====== DATA PROVIDED

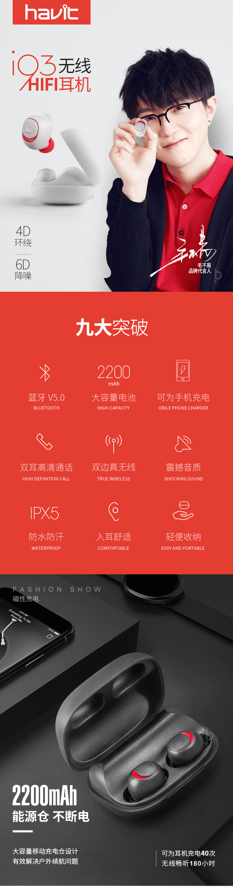Havit藍牙耳機品牌,是由藍牙耳機詳情頁設計,天貓詳情設計,電商詳情設計,寶貝描述設計,電商詳情策劃,電商文案傾情打造,毛不易帶言的時尚藍牙耳機,根據產品賣點,品牌定位,主色調,對產品的功能,特點進行深度挖掘,加上特效演示,來展示產品的設計原理和應用,整體調性簡約高端,上線兩天后轉化率由原來的2%直線上升到11%,效果明顯。
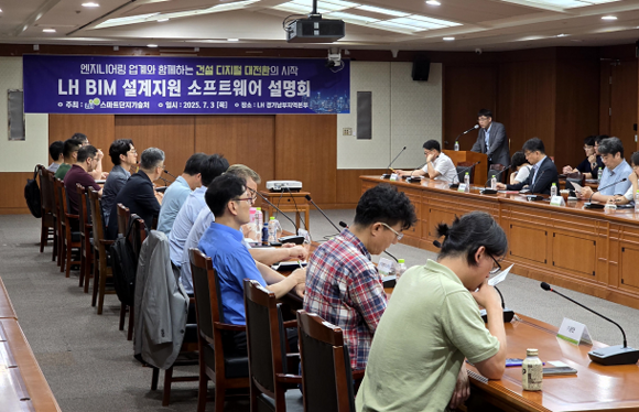 앞서 지난 3일 LH는 경기남부지역본부에서 민간 설계사 관계자 등 50여 명을 대상으로 설명회를 개최했다. 설명회에서 LH는 개발 소프트웨어 기능 시연과 더불어 BIM 도입 확대에 대한 업계의 다양한 의견을 청취하는 시간을 가졌다.
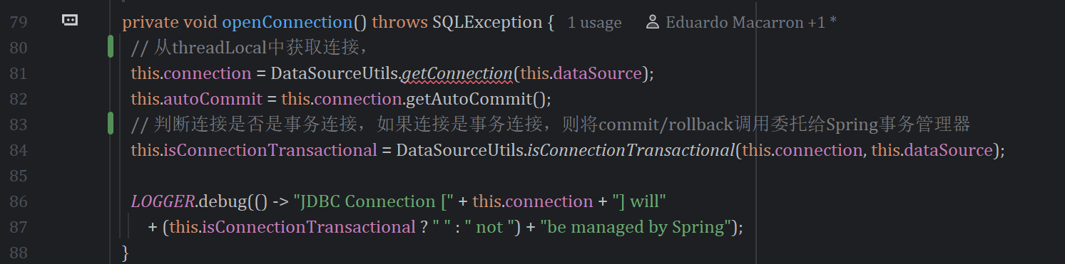 public class SpringManagedTransaction implements Transaction {
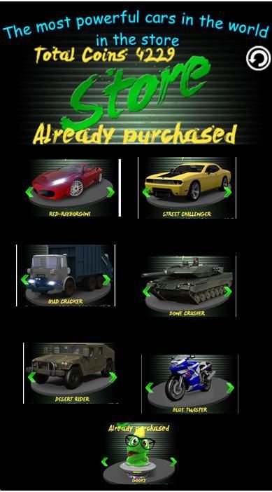 Aplikasi ini telah tersedia mobil galeri di mana Anda dapat membeli mobil preferensi Anda dengan uang yang Anda menang. Anda dapat memilih: Power, kecepatan atau aerodinamika tergantung mobil, truk, atau sepeda Humvee yang Anda inginkan.
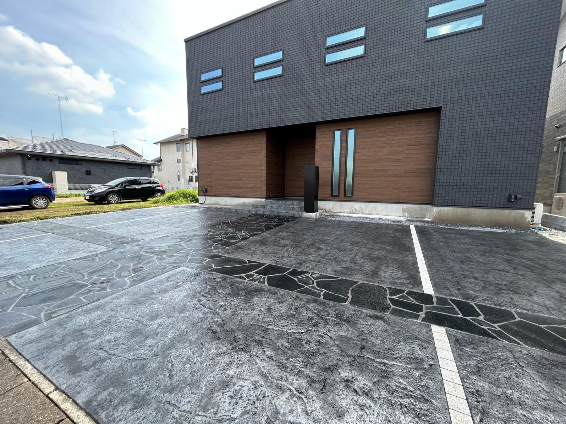 「一味違う印象にしたい!」というような方にも最適です。従来の100万円前後の外構では、全面スタンダードな土間コンクリートが施工されることが大半でしたが、『ラクピカセット』は、タイヤ痕が目立ちにくい“タイヤNo痕”はもちろん、ウッド調の床デザイン等、全面オシャレな色付きのデザイン土間に仕上げることが可能です。
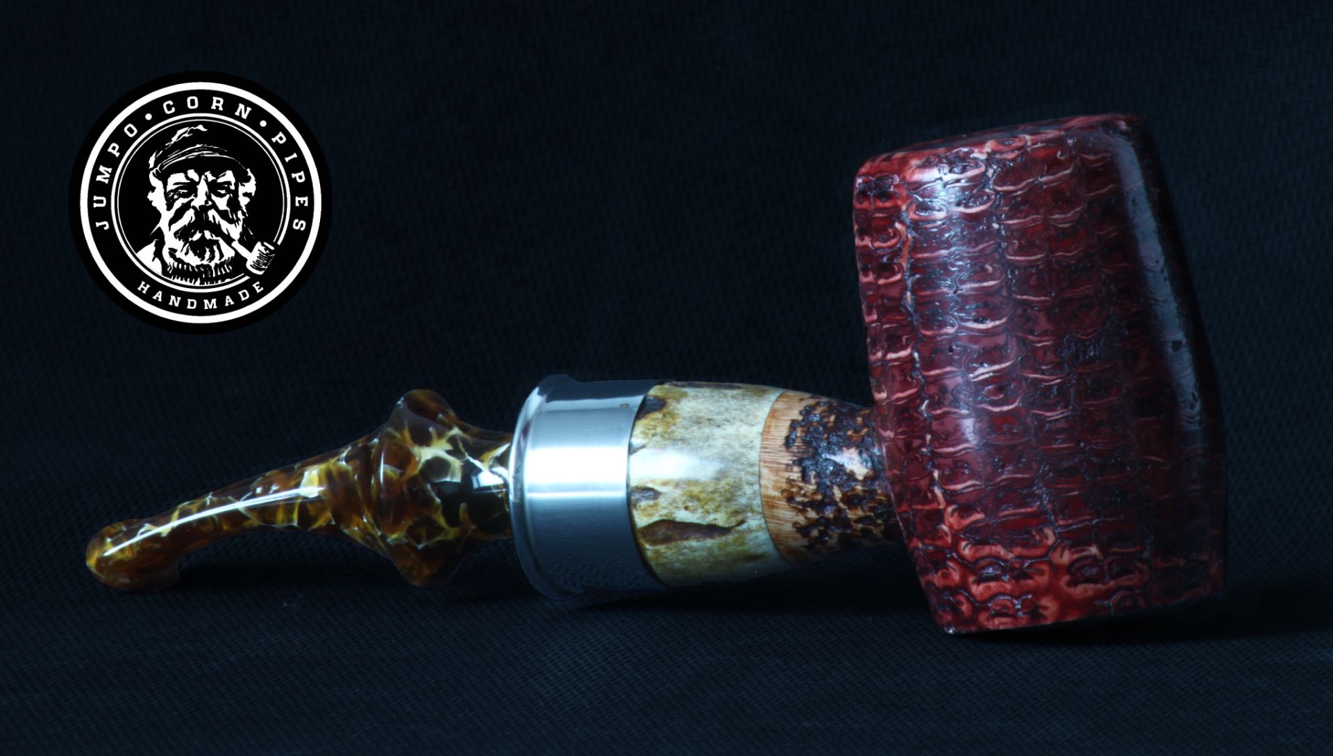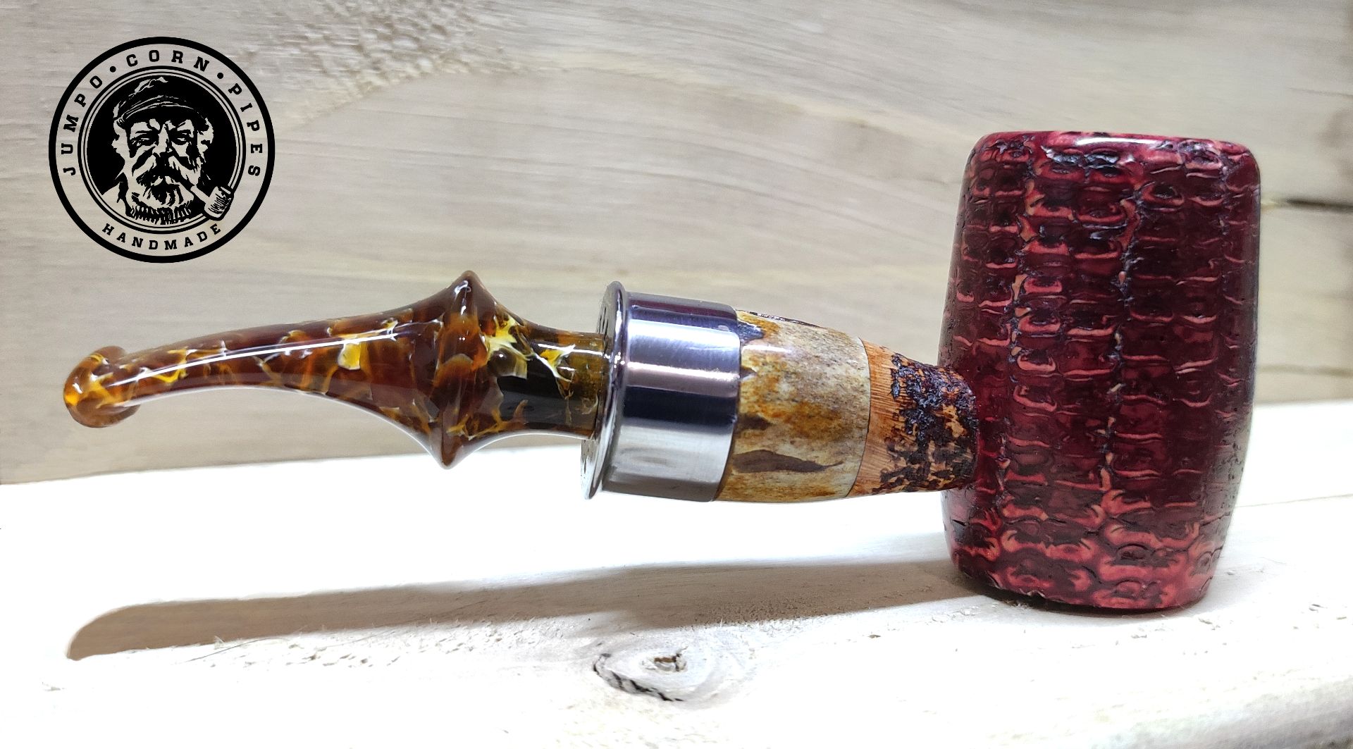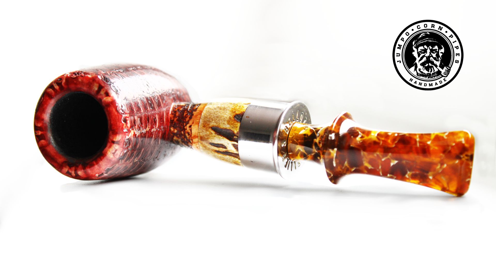 Kukuřičná dýmka osazená briarovým kolínkem v kombinaci se srnčím parohem a koncem z brokovnicové nábojnice.

============

> [YOUR INSTRUCTIONS]
Go to the line with "앞서 지난 3일 LH는" in the entries above. Reproduce that line and each one after it to the end, exactly and without the pictures.

> [EXERCISE RESULT]
 앞서 지난 3일 LH는 경기남부지역본부에서 민간 설계사 관계자 등 50여 명을 대상으로 설명회를 개최했다. 설명회에서 LH는 개발 소프트웨어 기능 시연과 더불어 BIM 도입 확대에 대한 업계의 다양한 의견을 청취하는 시간을 가졌다.
 public class SpringManagedTransaction implements Transaction {
 Aplikasi ini telah tersedia mobil galeri di mana Anda dapat membeli mobil preferensi Anda dengan uang yang Anda menang. Anda dapat memilih: Power, kecepatan atau aerodinamika tergantung mobil, truk, atau sepeda Humvee yang Anda inginkan.
 「一味違う印象にしたい!」というような方にも最適です。従来の100万円前後の外構では、全面スタンダードな土間コンクリートが施工されることが大半でしたが、『ラクピカセット』は、タイヤ痕が目立ちにくい“タイヤNo痕”はもちろん、ウッド調の床デザイン等、全面オシャレな色付きのデザイン土間に仕上げることが可能です。
 Kukuřičná dýmka osazená briarovým kolínkem v kombinaci se srnčím parohem a koncem z brokovnicové nábojnice.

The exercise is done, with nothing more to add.